# P4C800-E Deluxe - 3 beeps - no post



## wysiwyg (Nov 1, 2003)

I'm trying to build a new pc based on a P4C800-E Deluxe but nothing is working.

Configuration:

P4C800-E Deluxe
P4 3.2HT + Intel heatsink/fan
Corsair TwinX 1024 in A1 & B1
ATI 9800XT 256M
2 x Seatate 120G SATA on SATA1 & SATA2
Mitsumi DVD
Pioneer DVD Burner
3.5" Floppy
all in a ThermalTake Xaser III V1420 with ThermalTake 420W ATX 12V PS

I installed everything and powered on. I get 3 beeps - 1 long followed by 2 short - repeated.

3 beeps is supposed to be main memory read/write test error so I try every possible combination of single and both DIMMS - still the same beeping.

I disconnect everything except the CPU fan, memory, spkr and power switch. Same 3 beeps. :upset: 

I'm about at my wits end and ASUS isn't answering phones again until Monday.

Any clues?

Thanks!


----------



## Javora (Aug 24, 2003)

Try pulling out one of those sticks of Ram and then see what you get when you reboot. Let us know what you find after that.


----------



## wysiwyg (Nov 1, 2003)

Javora said:


> *Try pulling out one of those sticks of Ram and then see what you get when you reboot.
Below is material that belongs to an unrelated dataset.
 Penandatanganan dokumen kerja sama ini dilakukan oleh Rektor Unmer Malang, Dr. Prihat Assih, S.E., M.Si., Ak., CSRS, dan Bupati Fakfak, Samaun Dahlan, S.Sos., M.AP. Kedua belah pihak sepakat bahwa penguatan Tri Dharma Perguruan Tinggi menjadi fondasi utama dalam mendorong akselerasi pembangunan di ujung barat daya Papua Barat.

Let us know what you find after that. *


I tried that:


> *3 beeps is supposed to be main memory read/write test error so I try every possible combination of single and both DIMMS - still the same beeping.*


----------



## Javora (Aug 24, 2003)

Ok for some reason I was thinking you were single channel with both sticks.
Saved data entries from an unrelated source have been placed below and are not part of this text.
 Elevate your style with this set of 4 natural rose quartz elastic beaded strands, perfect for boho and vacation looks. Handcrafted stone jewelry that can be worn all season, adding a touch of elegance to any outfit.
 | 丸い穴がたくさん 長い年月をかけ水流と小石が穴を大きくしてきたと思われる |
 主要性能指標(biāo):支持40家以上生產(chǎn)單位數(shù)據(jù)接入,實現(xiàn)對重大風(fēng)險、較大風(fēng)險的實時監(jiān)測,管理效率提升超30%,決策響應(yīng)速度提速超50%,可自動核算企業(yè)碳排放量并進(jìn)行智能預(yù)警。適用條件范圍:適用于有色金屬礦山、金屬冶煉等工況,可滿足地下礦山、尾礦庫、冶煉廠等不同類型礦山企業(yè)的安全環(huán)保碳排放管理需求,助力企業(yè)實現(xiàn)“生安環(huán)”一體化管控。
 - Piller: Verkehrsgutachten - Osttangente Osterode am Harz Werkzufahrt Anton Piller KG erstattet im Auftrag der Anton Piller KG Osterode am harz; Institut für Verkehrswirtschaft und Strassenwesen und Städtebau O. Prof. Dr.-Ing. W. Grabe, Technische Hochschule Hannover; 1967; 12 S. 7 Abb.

What version of Bios do you have installed?


----------



## Javora (Aug 24, 2003)

Also you might want to check out this thread. It talks about setting memory timing to get the system to boot correctly. This might help in your case. Hope this helps.

Here is the link:

http://www.techsupportforums.com/showthread.php?threadid=8352&perpage=20&pagenumber=1


----------



## wysiwyg (Nov 1, 2003)

The only thing I can get out of the mobo are the 3 beeps. No display, so I don't have any idea what the BIOS is.


----------



## Javora (Aug 24, 2003)

Just on the off chance that there maybe a video problem, do you have a video card that you know works? That is of course you are not already taking the video card off another system.


----------



## wysiwyg (Nov 1, 2003)

I tried a different video card. Same 3 beeps. Same lack of video.


----------



## typo91 (Oct 23, 2003)

I bet its your CPU

pull all the ram out and see what happens

it couldn't hurt to reconnect your Powersupply to the board(incase bad connection)

its something REALLY REALLY bad, cause that board is suppose to VOICE the error not beep.


----------



## typo91 (Oct 23, 2003)

*one time, at band camp...*

one time my computer did something weird (same hardware as you for the most part)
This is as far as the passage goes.